- _Exercise aim_: The exact lines from the start of the material below through the line holding "Beau plateau vintage" are the answer; return those, pictures excluded.

- _Data in this exercise_:
----

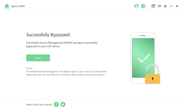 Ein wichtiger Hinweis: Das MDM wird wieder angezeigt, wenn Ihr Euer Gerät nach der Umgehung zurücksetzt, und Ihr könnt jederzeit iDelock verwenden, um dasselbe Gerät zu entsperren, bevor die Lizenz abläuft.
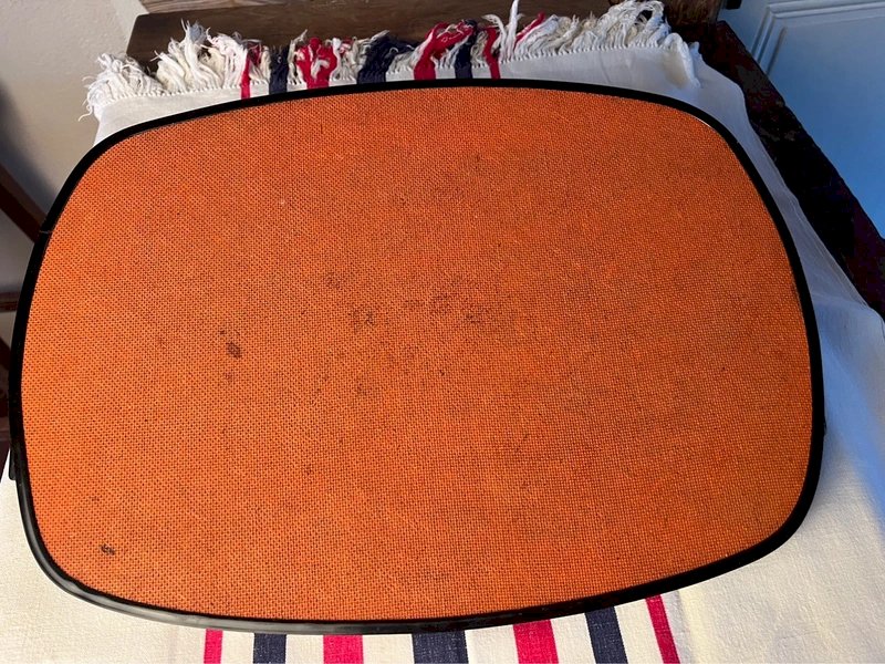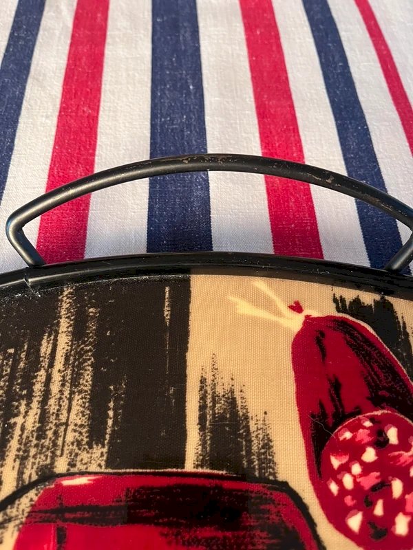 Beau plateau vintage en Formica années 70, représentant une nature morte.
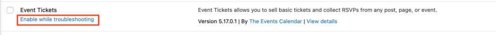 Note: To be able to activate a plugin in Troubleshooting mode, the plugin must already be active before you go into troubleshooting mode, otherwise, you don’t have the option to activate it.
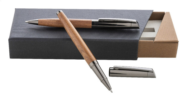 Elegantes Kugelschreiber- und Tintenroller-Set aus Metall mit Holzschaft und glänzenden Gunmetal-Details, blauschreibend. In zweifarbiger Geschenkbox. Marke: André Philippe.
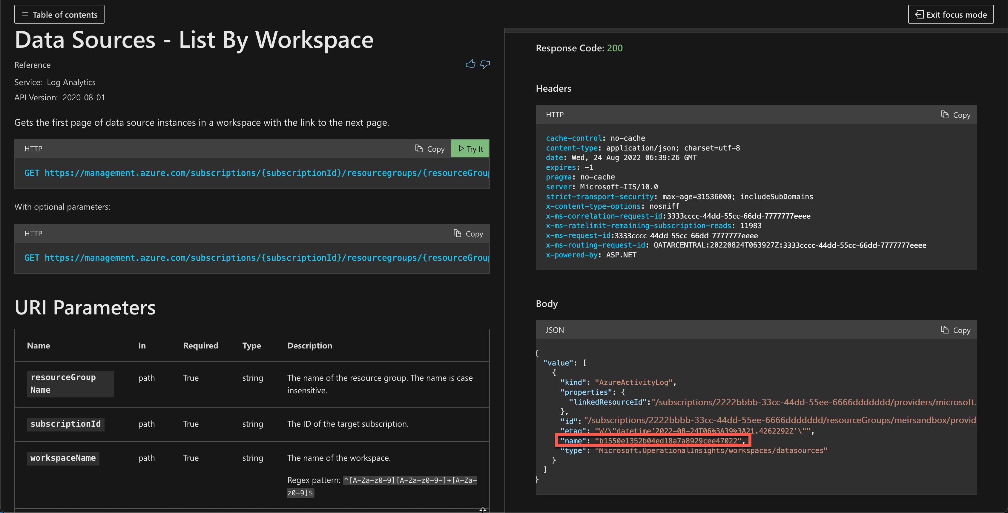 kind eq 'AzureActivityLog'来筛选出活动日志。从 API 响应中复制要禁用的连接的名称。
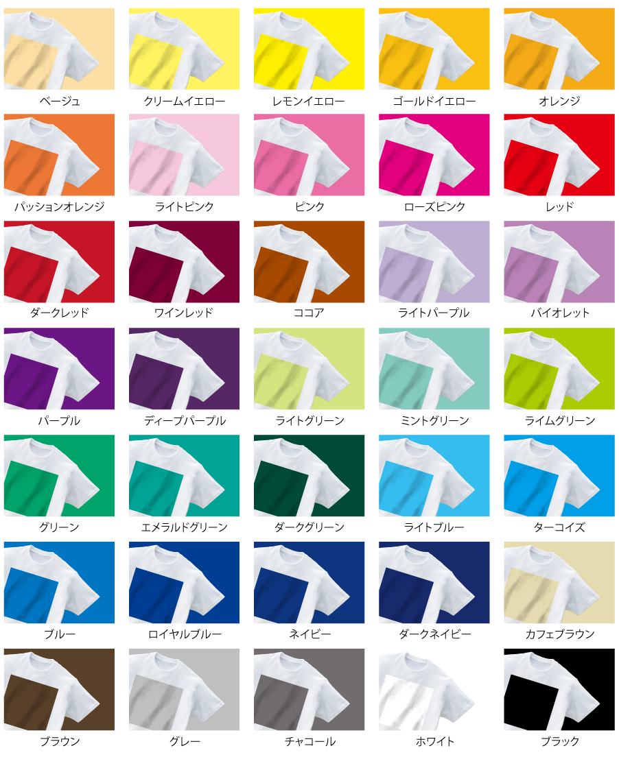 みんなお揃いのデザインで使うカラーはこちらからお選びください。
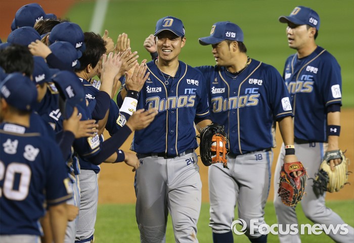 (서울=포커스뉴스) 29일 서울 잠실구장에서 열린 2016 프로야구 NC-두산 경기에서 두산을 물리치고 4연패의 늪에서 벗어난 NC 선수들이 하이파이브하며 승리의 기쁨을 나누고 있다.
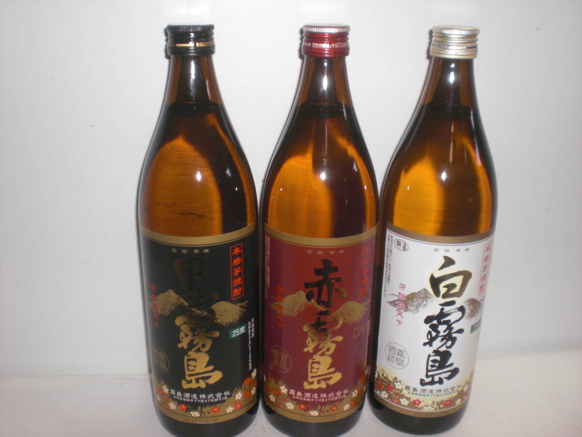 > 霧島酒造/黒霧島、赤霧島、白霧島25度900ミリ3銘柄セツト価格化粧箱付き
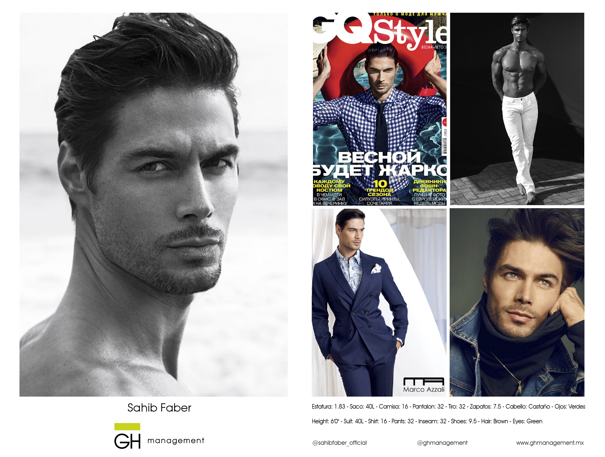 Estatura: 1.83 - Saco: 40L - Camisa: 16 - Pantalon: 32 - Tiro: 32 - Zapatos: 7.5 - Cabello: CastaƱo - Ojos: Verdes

----

- _Result for this exercise_:
 Ein wichtiger Hinweis: Das MDM wird wieder angezeigt, wenn Ihr Euer Gerät nach der Umgehung zurücksetzt, und Ihr könnt jederzeit iDelock verwenden, um dasselbe Gerät zu entsperren, bevor die Lizenz abläuft.
 Beau plateau vintage en Formica années 70, représentant une nature morte.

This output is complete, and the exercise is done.